Gemini 2.5 Pro — 6 issues
ClaimCommon Crawl — indexing 2.7 billion pages by 2024
Verdictmisleading
NotesRefers to a single FineWeb crawl dump, not the cumulative archive since 2007.
Claim44 TB FineWeb = ~15 trillion tokens
Verdictwrong
NotesReviewer claims FineWeb contains ~22T tokens; the 15T figure is Llama 3's training mix. Needs verification against HuggingFace's published figures.
ClaimPII removal finds "named individuals"
Verdictmisleading
NotesFull removal of all named persons is infeasible; pipelines focus on PII patterns, not all proper names.
ClaimGPT-2 trained on 100B tokens
Verdictwrong
NotesWebText (~40GB) corresponds to ~20–30B tokens, not 100B.
ClaimSame GPT-2 quality today for ~$100
Verdictwrong
NotesTraining a 1.5B model from scratch still costs thousands of dollars. The $100 figure applies only to toy-scale runs.
ClaimChatGPT imitates "a skilled developer-labeler"
Verdictmisleading
NotesCore skills come from pre-training, not SFT labelers. SFT shapes style and assistant behaviour only.
Llama 4 Maverick — 7 issues
ClaimCommon Crawl — indexing 2.7 billion pages by 2024
Verdictoutdated
NotesFigure may be an underestimate or conflation with a single crawl snapshot.
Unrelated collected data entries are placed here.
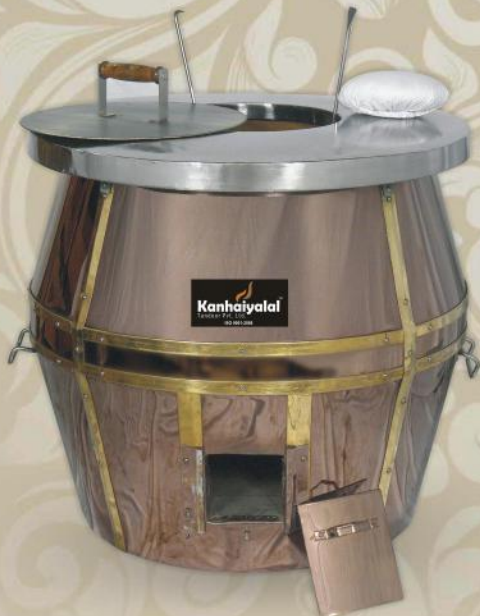
Rose Gold Tandoor
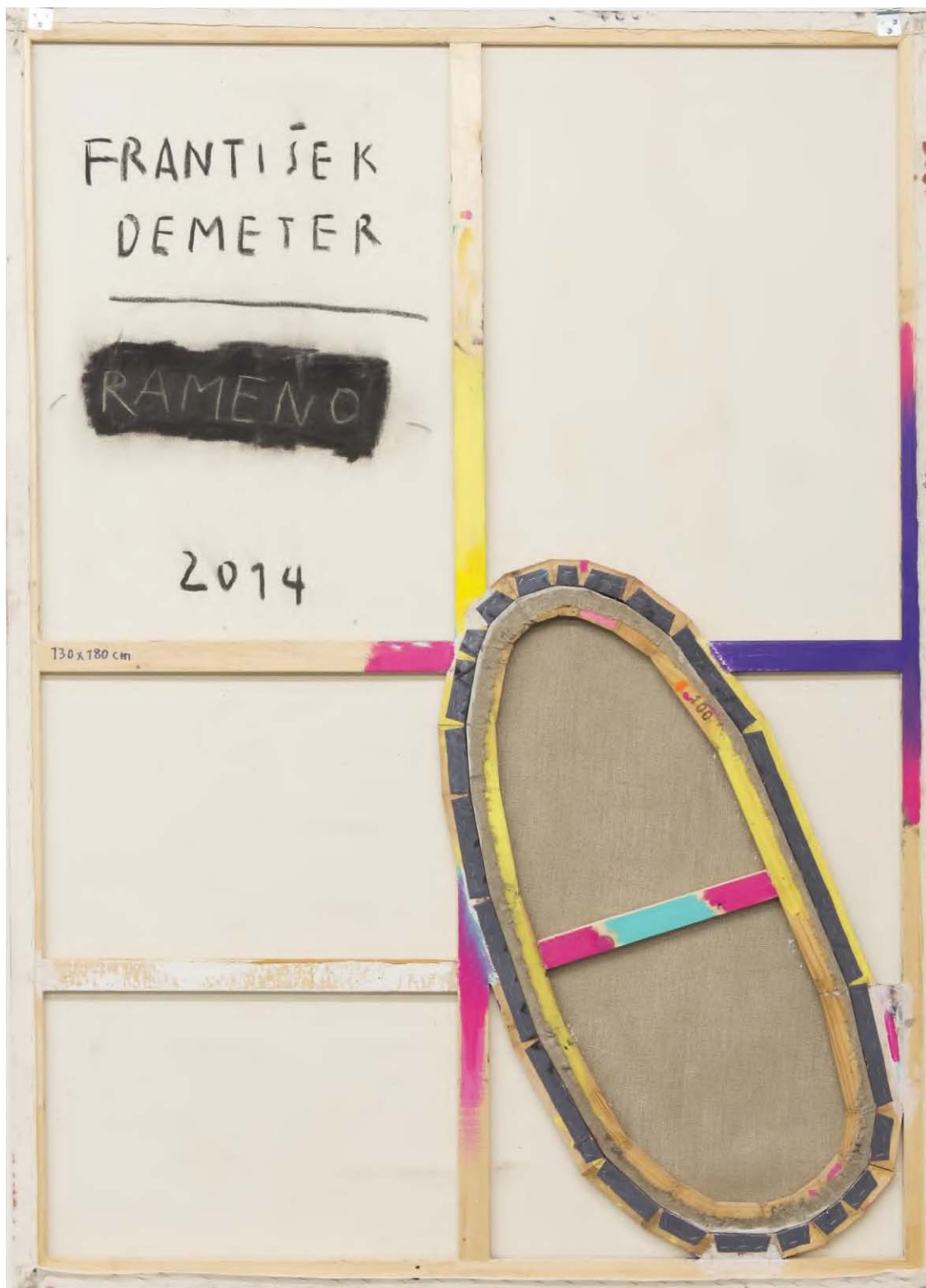
7 ) Rameno/ Branch2014
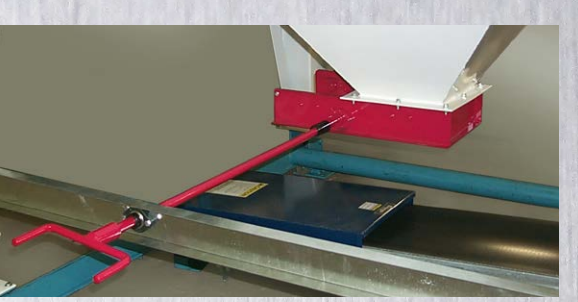
The rack & pinion gate has an extended control rod for easy operation.
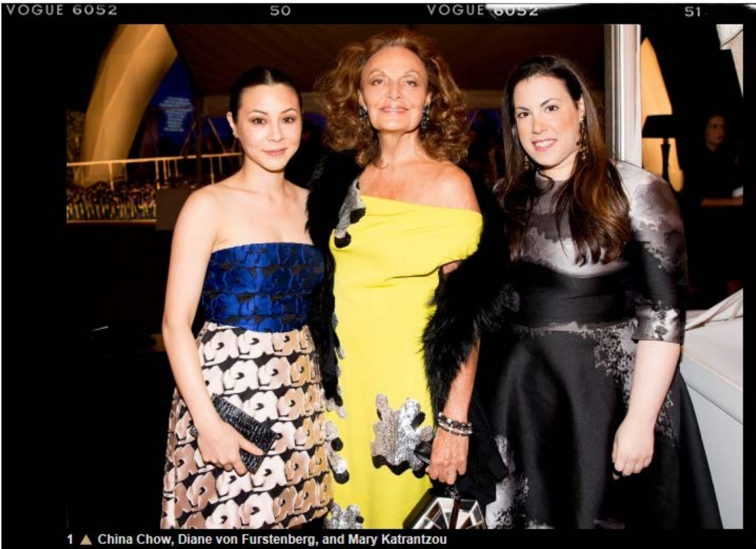
1 ▲ China Chow, Diane von Furstenberg, and Mary Katrantzou
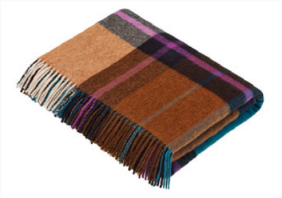
MANCHESTER TEAL Lambswool

ClaimGPT-4 uses a vocabulary of 100,277 tokens
Verdictoutdated
NotesExact vocabulary size not publicly disclosed by OpenAI.
ClaimGPT-2 training cost ~$40K; same quality today for ~$100
Verdictmisleading
NotesActual cost depends on hardware, electricity, and model architecture — $100 is an oversimplification.
ClaimLlama 3: 405B params, 15T tokens
Verdictunverifiable
NotesSpecific details not publicly confirmed without an official citation.
ClaimModern frontier models: hundreds of billions of parameters, trillions of tokens
Verdictunverifiable
NotesVague generalisation. (Dismissed — intentionally general and accurate.)
ClaimThe model doesn't "think" — it computes a probability distribution
Verdictmisleading
NotesStandard simplification of next-token prediction. (Dismissed.)
ClaimChatGPT imitates "a skilled developer-labeler"
Verdictmisleading
NotesModel generates based on patterns from all training data, not just labeler outputs.